• _What to work on_
Repeat only the lines below that run from the line with "Ab sofort wird" to the line with "12 декабря 2017", ends included; skip every picture.

• _Dataset records_
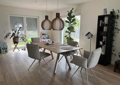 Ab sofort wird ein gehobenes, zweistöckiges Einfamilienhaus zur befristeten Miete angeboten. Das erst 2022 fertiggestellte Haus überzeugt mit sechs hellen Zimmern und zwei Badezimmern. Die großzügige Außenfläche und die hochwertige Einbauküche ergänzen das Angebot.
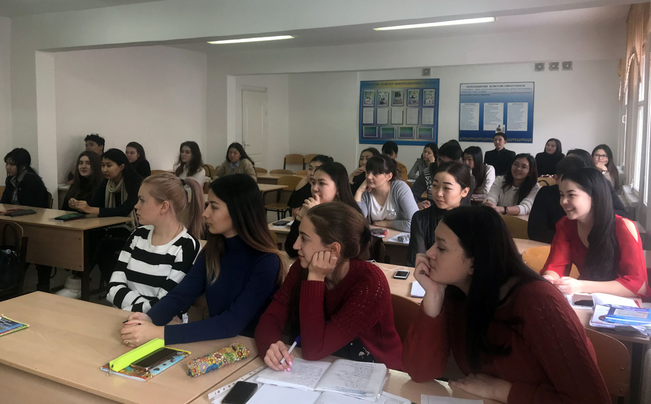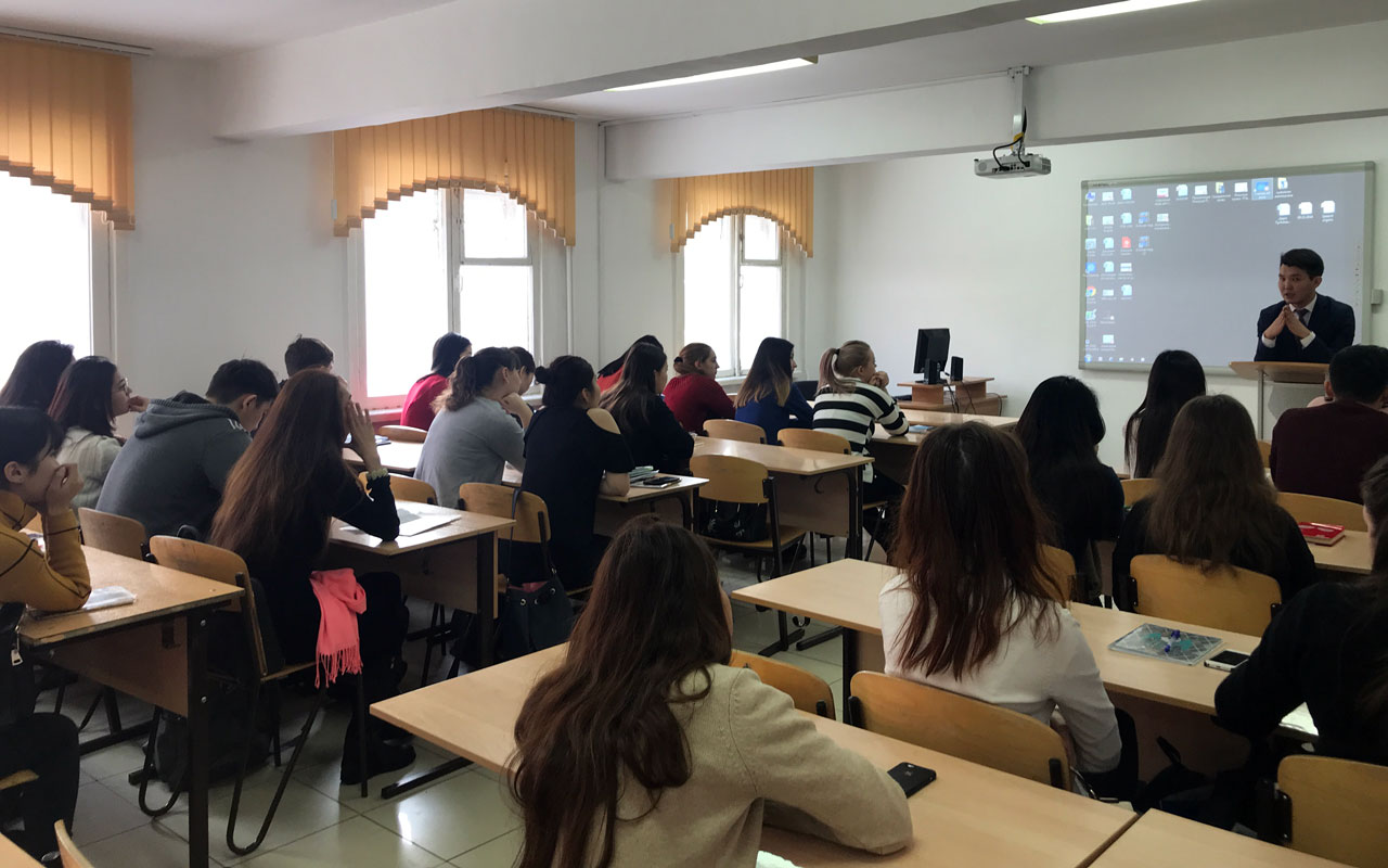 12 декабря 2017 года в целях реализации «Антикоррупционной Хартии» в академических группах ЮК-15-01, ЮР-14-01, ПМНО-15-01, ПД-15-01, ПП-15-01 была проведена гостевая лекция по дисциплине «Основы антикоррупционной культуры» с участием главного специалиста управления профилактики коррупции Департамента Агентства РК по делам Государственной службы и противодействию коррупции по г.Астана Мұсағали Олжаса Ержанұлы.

* * *

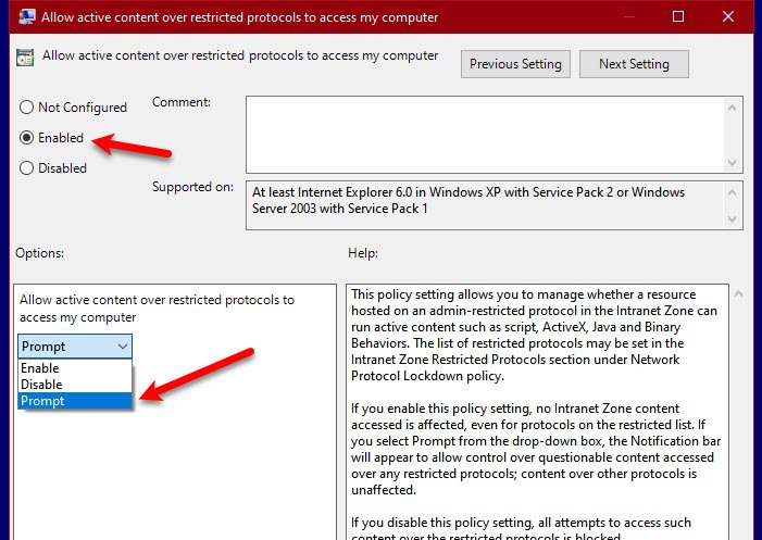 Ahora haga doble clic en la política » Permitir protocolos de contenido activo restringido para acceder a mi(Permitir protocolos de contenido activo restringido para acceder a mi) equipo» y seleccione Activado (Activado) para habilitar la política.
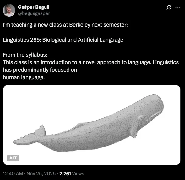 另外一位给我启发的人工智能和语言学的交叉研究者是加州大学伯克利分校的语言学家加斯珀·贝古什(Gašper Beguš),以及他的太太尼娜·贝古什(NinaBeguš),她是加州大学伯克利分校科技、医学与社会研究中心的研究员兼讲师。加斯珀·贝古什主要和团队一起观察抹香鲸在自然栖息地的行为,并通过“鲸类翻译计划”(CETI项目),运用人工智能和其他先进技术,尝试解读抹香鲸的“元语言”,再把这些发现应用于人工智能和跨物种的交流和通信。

• _Expected output_
 Ab sofort wird ein gehobenes, zweistöckiges Einfamilienhaus zur befristeten Miete angeboten. Das erst 2022 fertiggestellte Haus überzeugt mit sechs hellen Zimmern und zwei Badezimmern. Die großzügige Außenfläche und die hochwertige Einbauküche ergänzen das Angebot.
 12 декабря 2017 года в целях реализации «Антикоррупционной Хартии» в академических группах ЮК-15-01, ЮР-14-01, ПМНО-15-01, ПД-15-01, ПП-15-01 была проведена гостевая лекция по дисциплине «Основы антикоррупционной культуры» с участием главного специалиста управления профилактики коррупции Департамента Агентства РК по делам Государственной службы и противодействию коррупции по г.Астана Мұсағали Олжаса Ержанұлы.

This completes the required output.